Matka Miłosza wpada do Sandry i zaprasza ją do udziału w koncercie charytatywnym dla chorych dzieci. Dziewczyna okazuje jej jawną niechęć. Na pytania, dlaczego tak się zachowuje, przypomina Małgorzacie, jak oskarżyła ją o to, że jest z Miłoszem dla pieniędzy. Glinkowa próbuje jej wmówić, że wszystko to są jej paranoje i oznajmia, że straciła już jednego syna i nie pozwoli, żeby ona zabrała mu drugiego. Sandra niewzruszona uświadamia kobiecie, że zachowuje się potwornie wykorzystując swoje zmarłe dziecko, żeby jej dokuczyć. Małgorzata dotknięta tymi słowami do żywego, bez słowa wychodzi. Jakiś czas później Sandra dowiaduje się od kolegi z klubu, że matka Miłosza w poważnym stanie wylądowała w szpitalu. Tymczasem Miłosz próbuje dowiedzieć się od mamy, co wprawiło ją w taki stan zdenerwowania. Glinkowa, która wcale nie wygląda na specjalnie chorą, wyjaśnia mu, że miała nieprzyjemną rozmowę z jego dziewczyną. Miłosz zjawia się u Sandry i z miejsca zaczyna robić jej awanturę, że obraziła i zraniła jego matkę. Każe Sandrze ją przeprosić i odwołać to, co jej powiedziała.

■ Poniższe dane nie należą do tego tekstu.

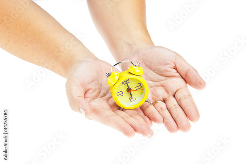 Clock on hand as time management concept
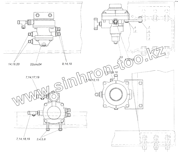 Каталог запасных частей к технике: Камский автозавод 43114. Установка клапана управления тормозами прицепа
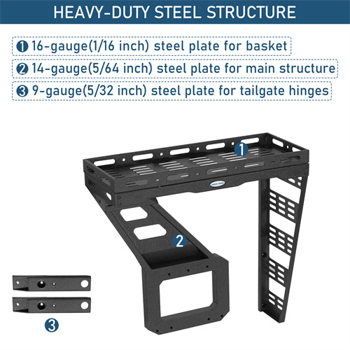 Strong and Sturdy. Built with high-tensile, heavy-duty steel for maximum durability, the Tailgate Basket Cargo Rack utilizes 14-gauge (5/64 inch) steel for the frame, 16-gauge (1/16 inch) steel for the basket, and sturdy 9-gauge (5/32 inch) steel for the hinges. Its textured black powder coat and premium internal E-coating deliver excellent corrosion protection and lasting strength, offering reliable performance and a tough, refined look for your adventures.

Eliza i Jarek po wspólnej wyprawie do kina przyprowadzają do domu Michela. Chłopak natychmiast zauważa, że Sandrę coś dręczy. Żona zwierza się ze swoich problemów z matką swojego chłopaka. Rozmowa przebiega w bardzo przyjacielskiej atmosferze. Michel uświadamia żonie, że nie powinna kłócić się z mamą Miłosza, bo ona zawsze będzie dla niego ważna. Sandra docenia, że mąż wzbił się ponad egoizm i dał jej taką radę. Przypomina mu również, że teraz są tylko przyjaciółmi… Marta podekscytowana mówi Olafowi, że dzisiaj ma rozmowę w telewizji i jeśli dobrze jej pójdzie, będzie prowadziła nowy program. Bardzo na to liczy, choć nie ukrywa, że będzie miała problem, żeby połączyć pracę w redakcji Kraju z telewizją… Konarska zauważa, że wszystkie opony w jej aucie są poprzebijane. Wezwani na miejsce policjanci stwierdzają, że zostały celowo przebite nożem. Marta przyznaje, że ostatnio miała jakieś głuche telefony, ale zapytana, czy kogoś podejrzewa, natychmiast się wycofuje i stwierdza, że woli najpierw sama porozmawiać z tą osobą lub popytać sąsiadów, czy coś widzieli. Policjant odradza jej działanie na własną rękę. Producent mówi Marcie, że świetnie wypadła na próbnym nagraniu i składa jej propozycję stałej współpracy. Konarska z radością ją przyjmuje. Kiedy jednak producent prosi ją, żeby zrobiła program z Niwirskim, oznajmia, że nie może tego zrobić. Tymczasem Irek zostaje zatrzymany przez policję przed swoim domem. Gdy policjanci chcą zabrać go na komisariat, wyrywa się im i zaczyna uciekać. Zaraz jednak zostaje schwytany i skuty kajdankami. Marta wyrzuca sobie, że popełniła jednak błąd w relacji z Irkiem i zamiast mu pomóc, niebezpiecznie rozhuśtała jego emocje. Igor zapewnia ją, że nic złego nie zrobiła. Przeciwnie – pokazała, że naprawdę zależało jej na tym by go wysłuchać i odbudować jego wiarę w siebie i ludzi. Po chwili zjawia się matka Ireneusza i z miejsca wyrzuca Marcie, że oszukała jej syna, który przez nią znowu wylądował w więzieniu...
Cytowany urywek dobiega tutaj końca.